To do:
Begin with the first line of the material and write out each line exactly, ending with the line that contains "Kasat Lantas berharap". Pictures are not part of the copy.

::: Data below

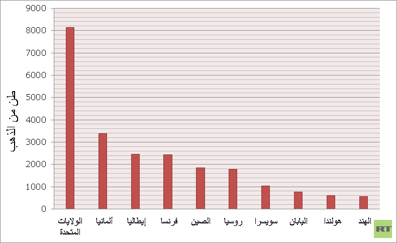 في حين، تصدرت الولايات المتحدة دول العالم باحتياطيات تبلغ 8133.5 طن، تليها ألمانيا باحتياطيات 3373 طن، ومن ثم في المرتبة الثالثة إيطاليا بـ2451.8 طن.
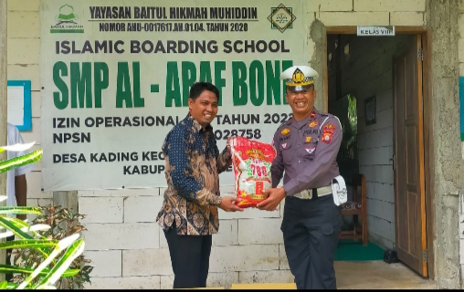 Kasat Lantas berharap dengan adanya bantuan sosial ini dapat meringankan beban dalam memenuhi kebutuhan hidup para pelajar yang sedang menimba ilmu di Yayasan Baitul Hikmah Muhiddin SMP Al - Araf Bone.
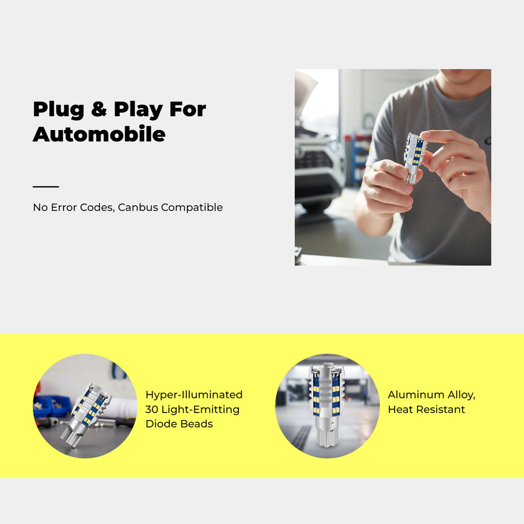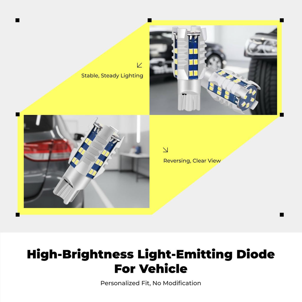 [Extreme Bright light-emitting diode Reverse Light for Automobiles] enhance your vehicle with this light-emitting diode reverse light, featuring high brightness and error performance for average-sized crossovers, SUVs, sedans, and more. perfect for night driving and challenging weather conditions. [High-Quality Aluminum Alloy] Built with a sturdy aluminum alloy this bulb offers efficient heat dissipation and extended lifespan, providing dependable lighting for your car’s backup and parking lights. [Easy Plug-and-Play Installation] Designed for quick replacement, this light-emitting diode bulb accommodates T15, 921, and 912 sockets for fast, hassle installation without the need for modifications. [360° Lighting & Enhanced Visibility] Equipped with 3030SMD light-emitting diode chips, this bulb delivers up to 400% more brightness and 360° lighting, greatly increasing visibility when reversing and parking. [Waterproof & CANBUS Ready] With IP68 waterproof and CANBUS compatibility, this bulb ensures stable performance in all weather conditions, making it a practical enhance for a variety of vehicle variant s.Specification:

::::::

Answer space:
 في حين، تصدرت الولايات المتحدة دول العالم باحتياطيات تبلغ 8133.5 طن، تليها ألمانيا باحتياطيات 3373 طن، ومن ثم في المرتبة الثالثة إيطاليا بـ2451.8 طن.
 Kasat Lantas berharap dengan adanya bantuan sosial ini dapat meringankan beban dalam memenuhi kebutuhan hidup para pelajar yang sedang menimba ilmu di Yayasan Baitul Hikmah Muhiddin SMP Al - Araf Bone.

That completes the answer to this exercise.